The ‘contact line’, that divides Donbas in half, has significantly disrupted people’s lives and mobility in the past six years. Caused by the last armed conflict raging in Europe, this 450km long artificial separation impacted infrastructure and especially roads. Together with its sister initiative IMPACT, ACTED works to help civilians overcome hardships including through the provision of financial assistance. The two organizations also support humanitarian actors with aid response management and local authorities to build up their resilience and decision-making.
Roads, hospitals, houses: the total cost of damage to civilian infrastructure in Donbas is estimated at about $150 billion. As of 13 February 2015, date of the ceasefire agreement signature, 1569 km out of 7800 km of roads had been destroyed in the east of the country (according to the State Agency of Highways of Ukraine). This represents 20% of the roads.
All the more, forecasts predict that the recovery of the region’s infrastructure will take at least two years, assuming that no further significant damage is incurred. The problem has not improved since: substandard road quality and a lack of public transport become both the norm and a daily challenge for the population.
A lack of transport infrastructure hinders travelling from one settlement to another: this is especially problematic when someone needs to access medical services in bigger cities. In this easternmost region of Ukraine, it takes on average 30 minutes for an ambulance to arrive in Luhansk oblast, despite that it is still an everyday conflict-affected area.

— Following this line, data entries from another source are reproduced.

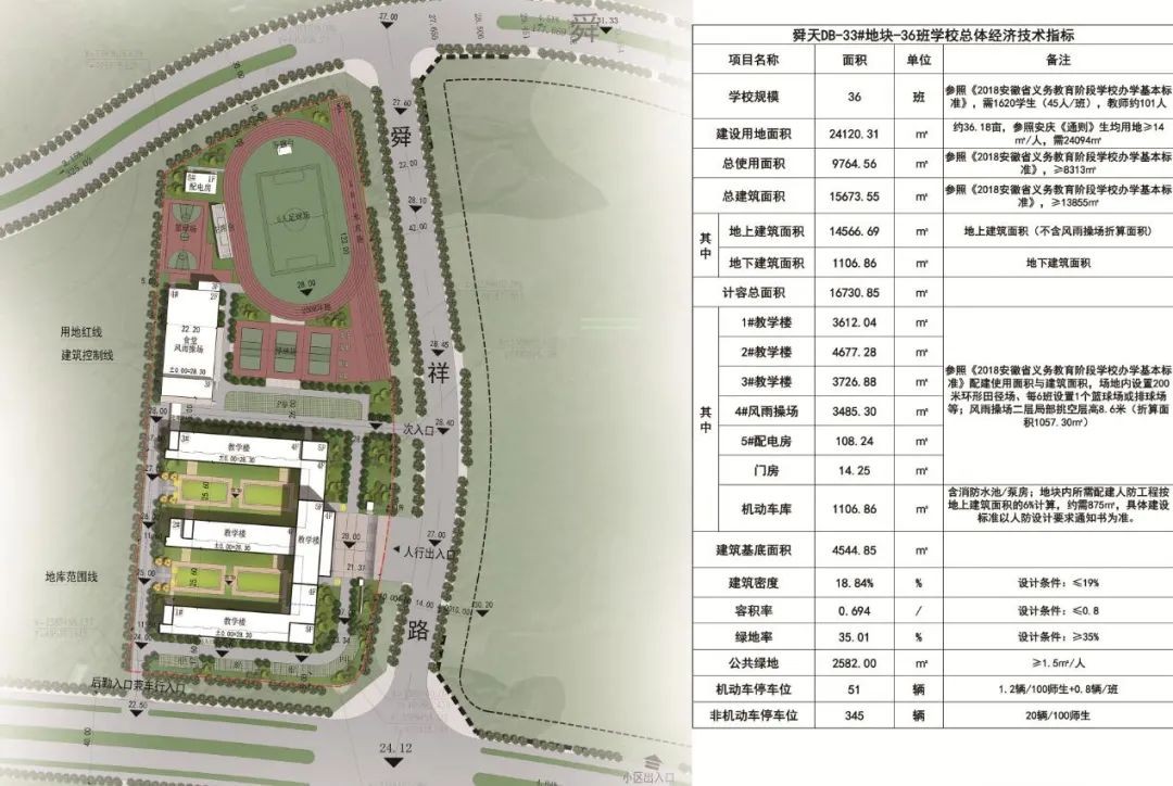 安庆市北部新城DB-33号地块--学校位于安庆北部新城。地块西侧均为住宅用地,东侧临近舜祥路,南侧为龙城路,北侧为舜清路。
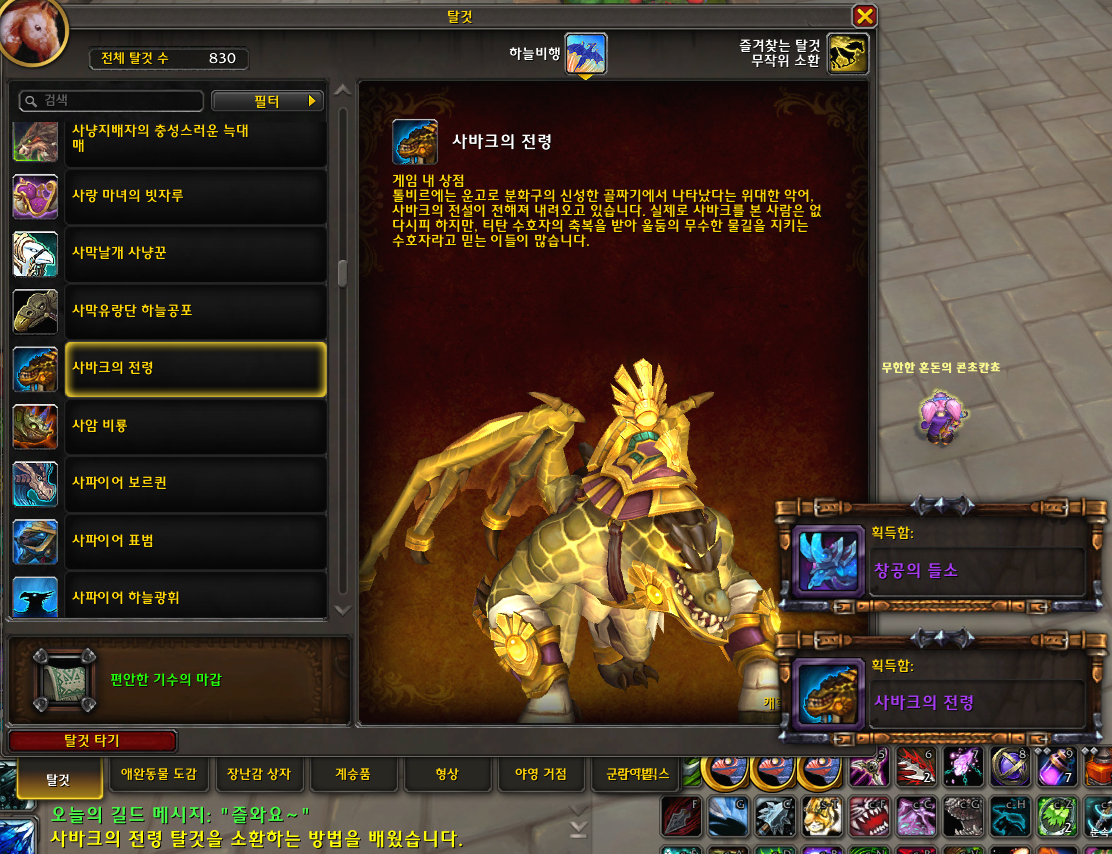'사바크의 전령' 하늘비행 탈것 획득 및 수집 완료!!
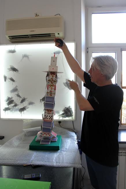Есть ещё Catapultower, самовозводящийся карточный дом. Тянешь за нитку – башня поднимается. И не падает, в отличие от обычных карточных домов. Появился в 1982 году, был сделан для конкурса журнала Architectural design. В «строительстве» помогал известный российский кинетист Слава Колейчук, с которым я в то время работал в институте технической эстетики (ВНИИТЭ – Лиза Боровикова). Кажется, что это игрушка, однако текст о ней недавно написал Майкл Гован, директор одного из крупнейших американских музеев LACMA, причём опубликован он в сборнике крупной архитектурно-строительной компании SOM, специализирующейся на строительстве небоскребов.
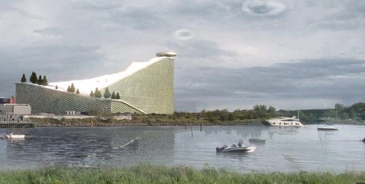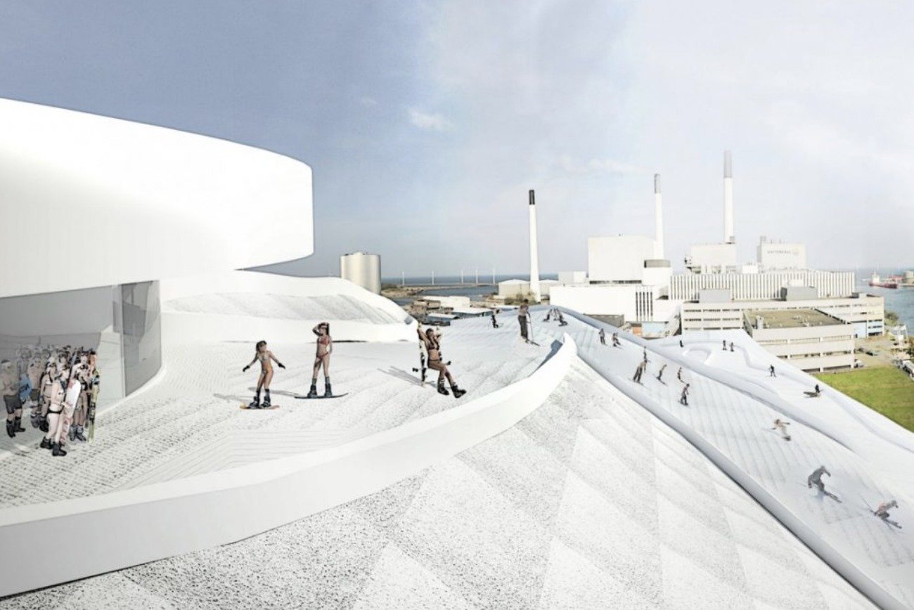 Nei prossimi giorni a Copenaghen si inaugurerà un inceneritore con recupero energetico, di ultimissima generazione, la cui sicurezza è sottolineata dalla possibilità di sciarci sopra. E il ministro multi-ruolo ha già annunciato che ci andrà, sci in spalla e in divisa da sciatore. Dubitiamo che i selfie che il suo staff per la propaganda diffonderanno, per la gioia dei fan del capitano, ci faranno ammirare il panorama intorno, che è quello che potete vedere nella foto che segue: in primo piano gli sciatori felici, sullo sfondo una selva di camini.
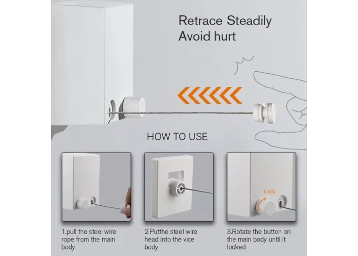 Якщо ви шукаєте компактну сушарку для білизни на балкон або у ванну — ви отримуєте універсальний пристрій, який можна розмістити практично скрізь. Висувна мотузка для білизни — це компактна сушарка для одягу з настінним кріпленням. Виріб із легкістю можна встановити у ванній, кухні, балконі або повісити на задньому дворику в саду.

While arrival times vary for many reasons, including understaffing or even lack of equipment, damaged roads are a key factor. Damaged roads themselves can be life-threatening, with the possibility that evacuation may not be possible when shelling or a natural disaster occurs.
Absence of transport is the main obstacles for the employment. The residents do not even have an opportunity to be registered at the Employment Center as one of the requirements to participate in trainings, job interviews in the Center. There are no working opportunities in the settlement itself
Bad roads also complicate the delivery of humanitarian aid, food, medicine, and the access of medical and social assistance or demining staff – yet Donbas is the most mine-contaminated area in the world.
Compounding this is the extreme weather experienced in Ukraine during the cold season. Bus and cars skid, asphalt cracks and mud slides when ice melts. Whether for food or life-preserving winter clothing, access to markets in large localities is limited due to irregular transport connections and high costs. For some settlements, winter means complete isolation: there is very little, if any, of the equipment and transport necessary to ensure that people and goods can still travel.
People have to go 4-5 km by foot to get any services or shops
This past winter, the REACH Initiative conducted an assessment of the living conditions in over 50 isolated settlements close to the ‘contact line’. People living in these settlements are likely to require more humanitarian assistance, as compared to the average conflict-affected population. According to the results of the assessment, the people living in these settlements consider the lack and poor quality of infrastructure as the most important daily life issue that they face. Among those visited by REACH, only three out of forty-one isolated settlements had access to roads in good condition. Even for those settlements with access to asphalt roads, which are more durable and less prone to security risks caused by mines, extreme weather events often lead to isolation.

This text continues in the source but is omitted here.